A radial propagator for axisymmetric pressure fields

The concept of a propagator is central to the angular spectrum formulation of diffraction theory, which expresses the pressure field diffracted by a two-dimensional aperture as a superposition of a continuum of plane waves. In the conventional form, an exponential term, known as a propagator, is multiplied by the wavenumber spectrum obtained from a two-dimensional spatial Fourier transform of the aperture boundary condition, to obtain the wavenumber spectrum in a plane parallel to the boundary, offset by some distance specified in the propagator. By repeated use of this propagator and Fourier inversion, it is possible to completely construct the homogeneous part of the pressure field in the positive half-space beyond the planar boundary containing the aperture. Drawing upon preceding work relating the boundary condition to the axial pressure [Pees, J. Acoust.
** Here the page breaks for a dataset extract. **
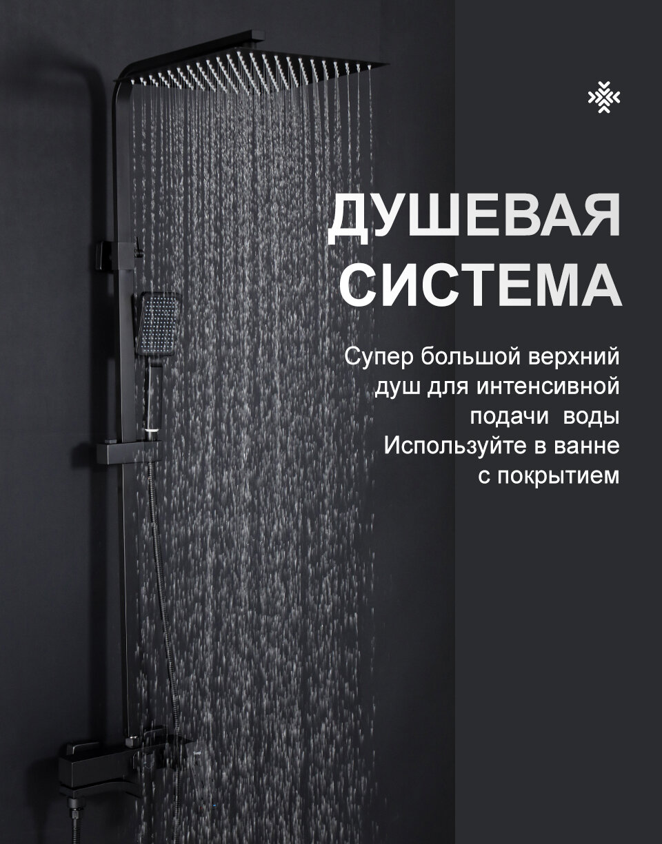 Душевая стойка со смесителем и тропическим душем Frap F24803-16 нержавеющая сталь, черный информация:
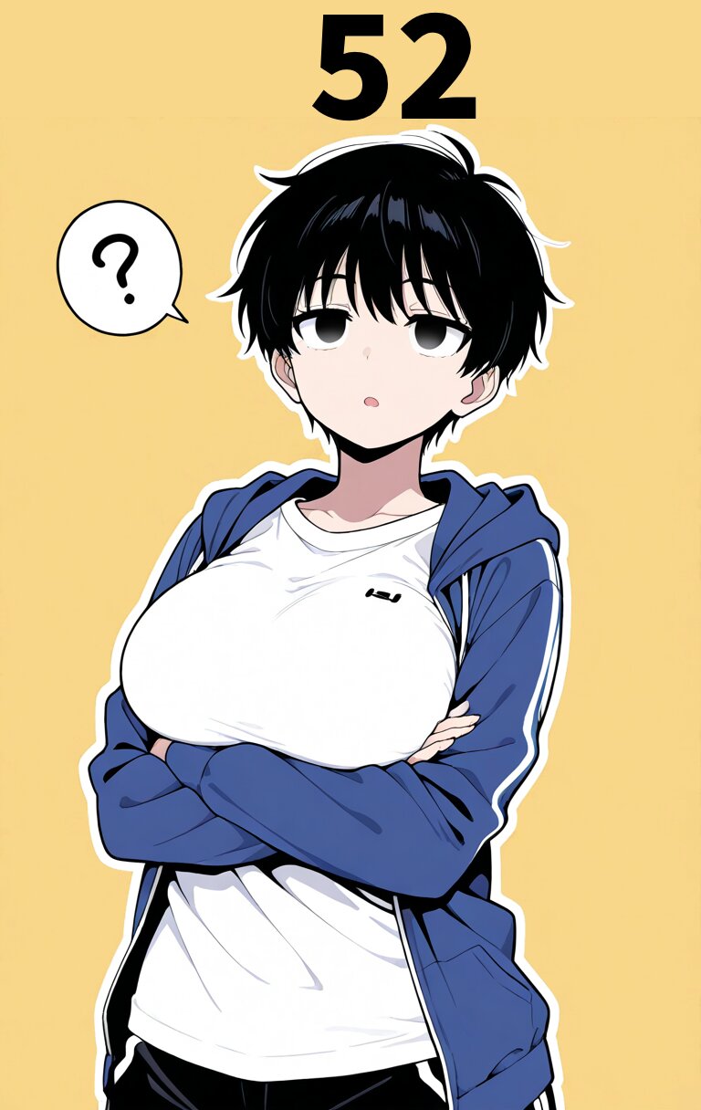 1girl,tomboy,(large breasts),slim,curvy,(wide hips),black hair,short hair,tareme,(sanpaku),black eyes,empty eyes,black eyebrows,expressionless,unemotional,open mouth,blue hooded jacket,open jacket,white T-shirt,black shorts,gym shorts,standing,crossed arms,arms under breasts,spoken question mark,white outline,yellow background,hair shade,upturned eyes,looking up,looking ahead,upper body,from front,straight-on,((high contrast)),(stylized),(kawaii),(anime coloring),(cute),gddw,((correct_anatomy)),flat color

Soc. Am. 127(3), 1381-1390 (2010)], it is shown in this article that when the aperture is axially symmetric, an alternative type of propagator can be derived that propagates an axial wavenumber spectrum away from the axis of the aperture. Use of this radial propagator can be computationally advantageous since it allows for field construction using one-dimensional Fourier transforms instead of Hankel transforms or two-dimensional Fourier transforms. (C) 2011 Acoustical Society of America. [DOI: 10.1121/1.3557053]